Malinche – a hard work read

I’ve been really lucky to be able to get through a few books over the last couple of weeks (Malinche, The Red Tent, The Midnight Zoo), so I’m pleased to say that I’ve got few reviews in the pipeline.

I’m busting to talk about all of them, but I wanted to start with Malinche, by Laura Esquivel because, to be blunt, I wanted very much to get it off my desk.

You see, I have to unhappily confess that I didn’t like it. Not one bit. This, despite my excitement when I first found it and eagerly began reading. I absolutely loved Esquivel’s novel Like Water for Chocolate and I think of it often. I’m not a big fan of romance, but Laura’s perchance for magic realism had me completely entranced by the tragic love story of Tita and Pedro.

And, by the blurb of Malinche I was expecting a somewhat similiar experience here:

When Malinalli, a member of the tribe conquered by the Aztec warrior, first meets the conquistador Hernan Cortes and becomes his interpreter, she – like many – believes him to be the reincarnated forefather god of her tribe. Naturally, she assumes she must welcome him, and help him destroy the Aztec empire and free her people. The two fall passionately in love, but Malinalli soon realizes that Cortes’s thirst for conquest is all too human, and that he is willing to destroy anyone, even his own men – even their own love.

Bursting with lyricism and vivid imagery, Malinche finally unveils the truth behind this legendary and tragic love affair.

Now, I’ll first up admit that I don’t know much about Mexican history. I didn’t know the story of Malinche before this novel, and many of the religious references went way above my head.

I did get the sense that this novel was about a time of great upheaval, when individuals, cultures and religions violently collided for both love and money. Cortes and his Spaniards enter as explorers, transform as conquistadors and stay on as owners. Malinche, who’s life had been one of spirit and sorrow even before the arrival of the Spaniards becomes involved and implicated in their mission, as both translator and confidant.
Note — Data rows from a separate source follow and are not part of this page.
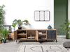 Mueble de TV de estilo industrial que aporta un estética elegante y te permitirá poner la pantalla de televisión a la altura perfecta. Tiene 2 puertas donde podrás almacenar lo que desees y 2 cajones con una especial imitación de marmol negro. Sus estantes centrales son perfectos para tu reproductor o codificador.Guías metálicas en cajones 2 Estantes regulables Estructura inferior de plástico ABS. Altura patas: 14 cm Tiradores de plástico ABS en las puertas Tiradores expulsores en los cajones Material: aglomerado de partículas y melamina de alta densidad Necesita montaje. No se incluye las siguientes herramientas: destornillador, martillo, cinta americana, metro...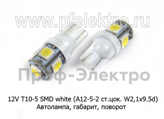 Артикул: 12V Т10-5 SMD white (А12-5-2 ст.цок. W2.1x9.5d)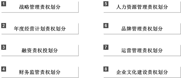 集团公司的经营管理活动涉及到决策层、管理层和执行层三个层面,各层面都有各自的职责和权力,需要对这种责权有个清晰明确的划分,这种责权的划分只需对那些关系到开云app登录入口整体经营的、关系重大的战略规划、资本运营、财务预算、业绩管理、人力资源、运营协调等一些关键责权进行划分,而不是对开云app登录入口经营的方方面面都进行面面俱到的划分。主要体现在以下8个方面的划分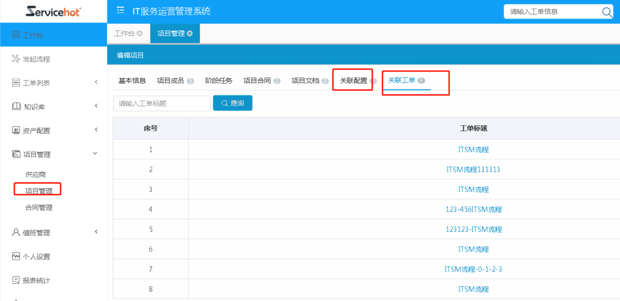 資產(chǎn)打通項目關(guān)聯(lián),關(guān)聯(lián)的配置以及關(guān)聯(lián)的工單都可查看

Interestingly, in history, Malinche is seen by many as a traitor to her people, although Esquival’s treatment of this deeply spiritual character was far more generous. I don’t feel we are meant to see her at fault in this tale.

I’ll admit, the deeper meanings of the relationships, regions and religions were a little lost on me and the style of storytelling did not really provide me with enough to grab hold of. But my disappointment in Malinche was about more than just the narrative or subject matter. I was most perturbed by the almost complete lack of love story in this novel, despite it’s synopsis.
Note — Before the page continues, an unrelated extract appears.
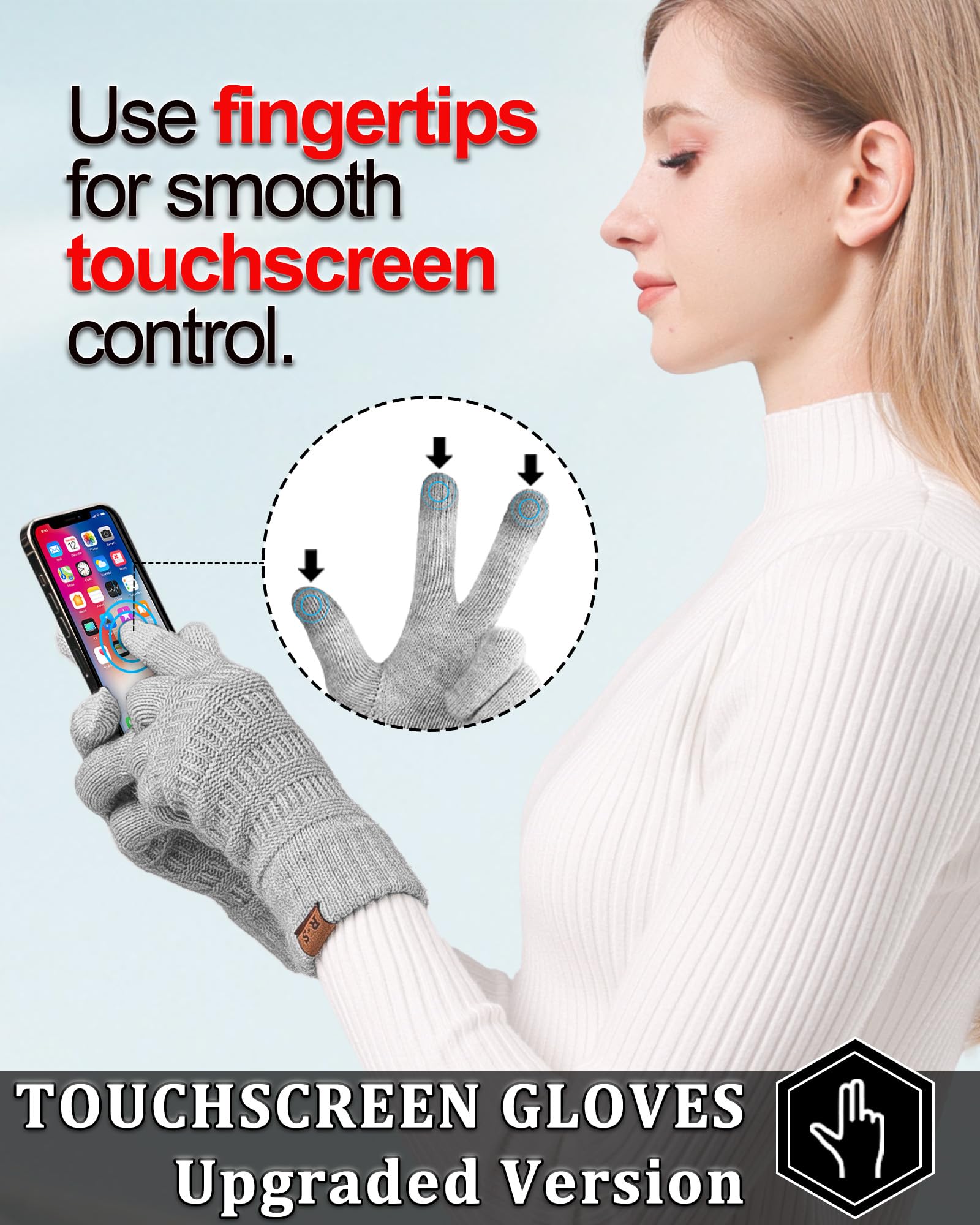 HIGH SENSITIVE TOUCHSCREEN: featuring upgraded touchscreen conductive material on thumbs, forefingers and middle fingers, you can use your smartphone and touchscreen devices without having to remove the touchscreen gloves in cold weather, allows for convenient interaction with devices.

This novel was about violence, about pillage and conquest. Malinche was not romanced, she was taken. She was assaulted and possessed as a slave, and only makes fleeting and unbelievable references to love or passion throughout the novel. I saw no romance here, only ownership.
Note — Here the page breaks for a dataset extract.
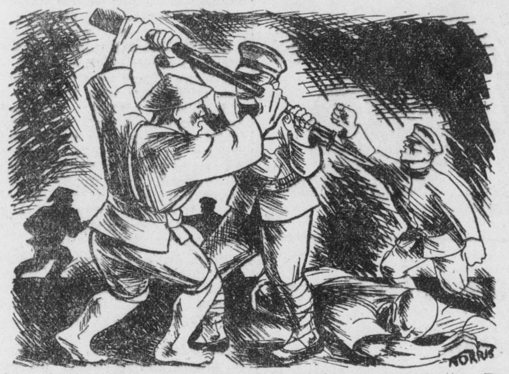 THE enemy troops heard these slogans, more deadly than bullets. What kind of war was this? they asked one another. They had been sent to destroy “bandits,” but instead they found themselves fighting peasants and workers in every village or town, and an army of guerrilla fighters made up of workers and peasants. Themselves poor peasants who had joined the army to earn their rice, they heard the cries, “Land to the peasants and soldiers!” They had been sent into a war which they thought to be like all others they would not shoot to kill, and the enemy would not shoot to kill. But here faced an Army that fought with deadly earnestness, every bullet finding a man. Such a war had never been heard of by the ears of man! Sullenly, confused, they obeyed the command of their officers, but fearfully they looked at each stone, each tree, each hut, each grave mound. Some fired into the air to make a noise that would please their landlord-officers. Some just picked up their rifles and bullets and went over to the Reds, and others ran.

To be fair, Esquival’s ability to construct beautiful, lyrical and visual prose is undeniable and I was never left wanting when it came to the ‘what’ of the story:

“First came the wind. Later, like a flash of lightning, like a silver tongue in the heavens over the Valley of Anahuac, a storm appeared that would wash the blood from the stones. After the sacrifice, the city darkened and thunderous eruptions were heard. Then, a silver serpent appeared in the sky, seen distinctly from many different places.”

It was as to the ‘why’ and ‘how’ of the story that I struggled. I’m not adverse to non-linear narrative but I really did feel that there were huge gaps in this novel. Some of this could have been due to translation, but I’m really not convinced that this was the problem in this case. I think it just tried to be a bit too esoteric for its own good and as a result come across as vague and clunky.

I can’t in good conscience recommend this book. If you really enjoy highly spiritualised storytelling then maybe you’ll enjoy this, but overall this novel is very hard work with minimal reward.

I feel really bad about having not really ‘gotten’ this book, so I think to make up for it I might re-read Like Water for Chocolate soon – that’ll make me feel better…

Has anyone else read Malinche? What did you think of it? Am I right off track?